* _WHAT IS REQUIRED_: Lines from the one containing "The manual-operation, double-canopy" through the end of the listing are what is wanted, given again exactly with both ends included and pictures left out.
++++
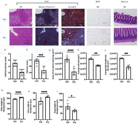 2.5. Erythritol Ameliorated the NAFLD, Increase in Adipocyte Size, and Small Intestinal Inflammation Induced by the HFD
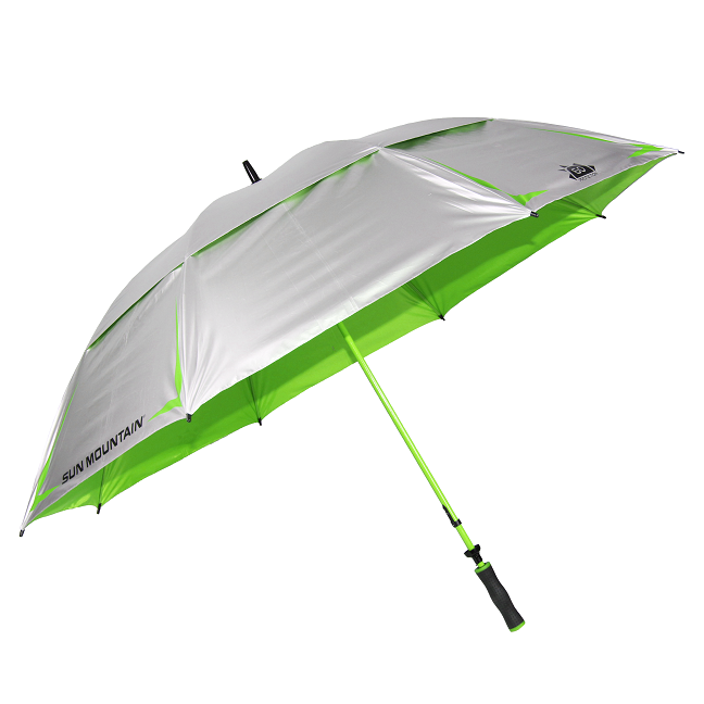 The manual-operation, double-canopy umbrella is perfect for playing golf in the rain or sun. The silver umbrella is UPF-rated 60+. The rubber-covered, slip-resistant handle fits perfectly in the umbrella holder of Sun Mountain carts.
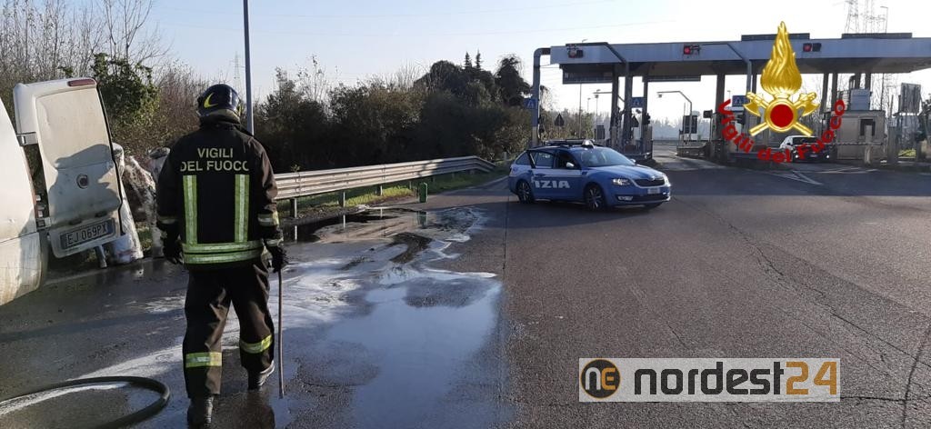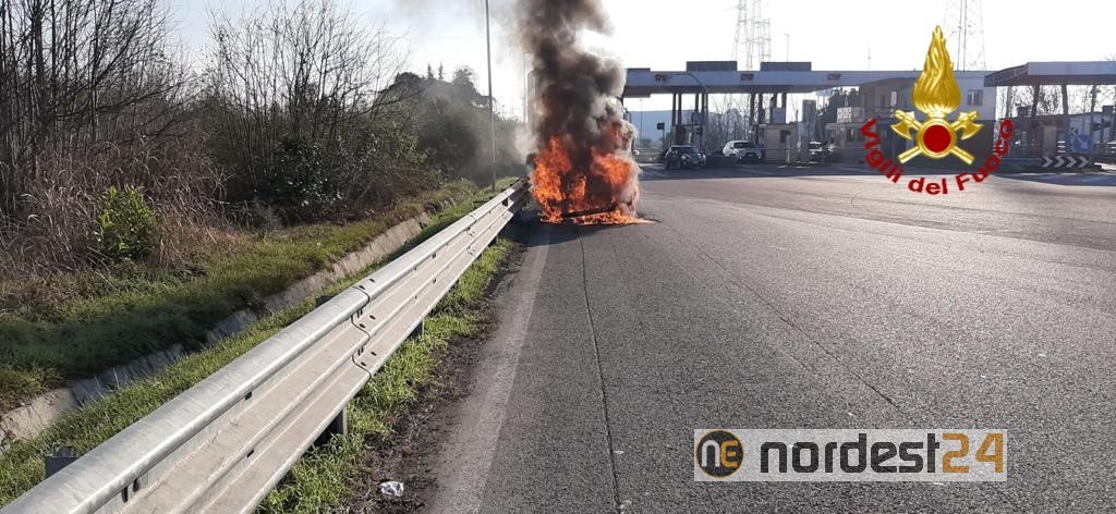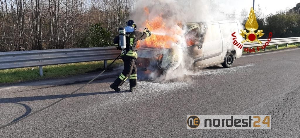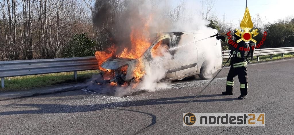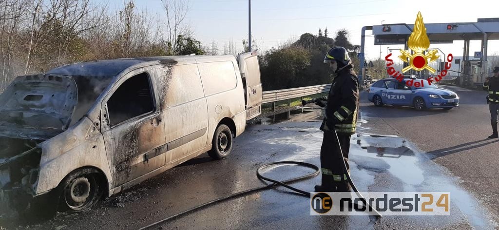 Poco prima delle 14:00, i vigili del fuoco sono intervenuti all’uscita del casello autostradale di Padova zona Industriale per l’incendio di un furgone che trasportava abbigliamento: illeso l’autista.
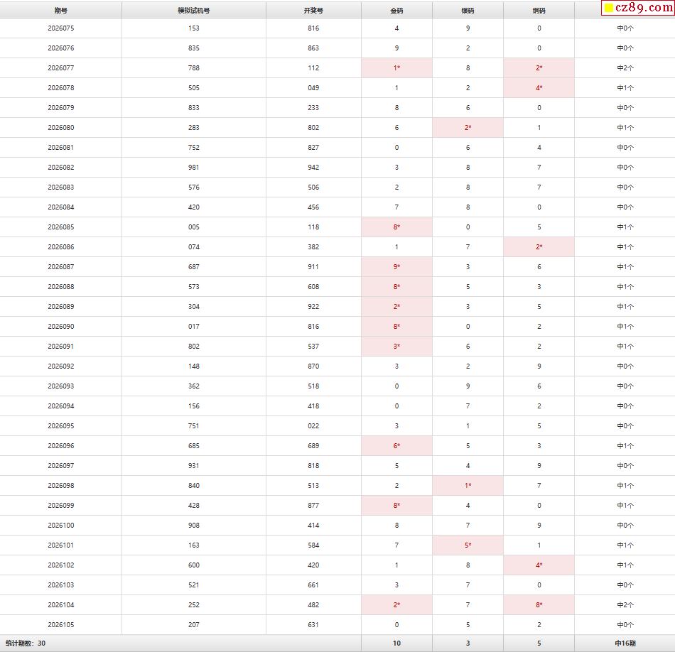 26年106期福彩3D彩神通关注码历史记录
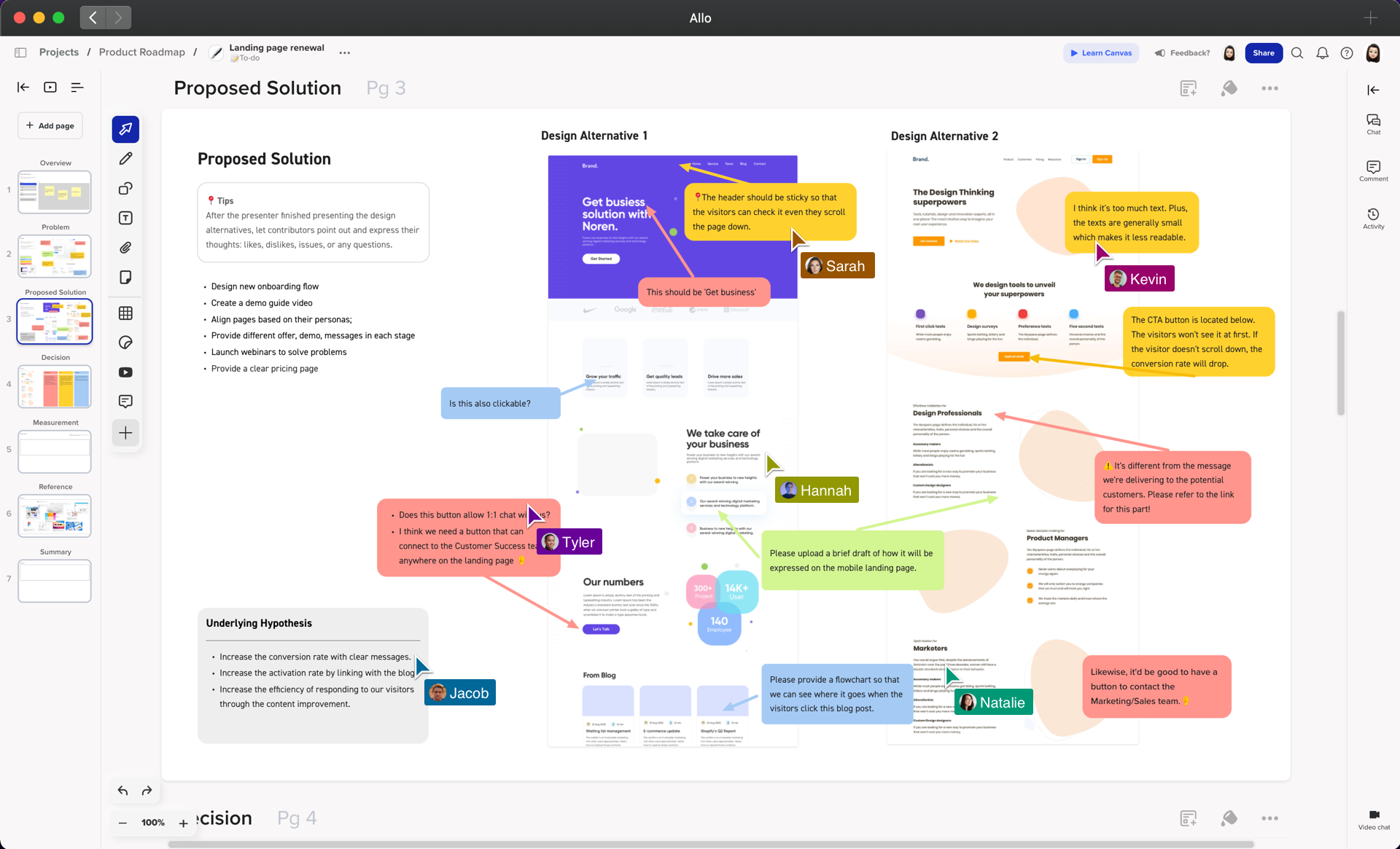 Allo’s canvas is a virtual whiteboard that allows you to collaborate remotely by efficiently organizing thoughts and ideas.
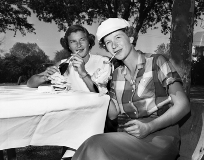 Beverly Hanson, left, and Marilynn Smith relax after qualifying in Women's Texas Open at River Crest. Published in Fort Worth Star-Telegram evening edition October 21, 1952
++++
* _ANSWER BOX_:
 The manual-operation, double-canopy umbrella is perfect for playing golf in the rain or sun. The silver umbrella is UPF-rated 60+. The rubber-covered, slip-resistant handle fits perfectly in the umbrella holder of Sun Mountain carts.
 Poco prima delle 14:00, i vigili del fuoco sono intervenuti all’uscita del casello autostradale di Padova zona Industriale per l’incendio di un furgone che trasportava abbigliamento: illeso l’autista.
 26年106期福彩3D彩神通关注码历史记录
 Allo’s canvas is a virtual whiteboard that allows you to collaborate remotely by efficiently organizing thoughts and ideas.
 Beverly Hanson, left, and Marilynn Smith relax after qualifying in Women's Texas Open at River Crest. Published in Fort Worth Star-Telegram evening edition October 21, 1952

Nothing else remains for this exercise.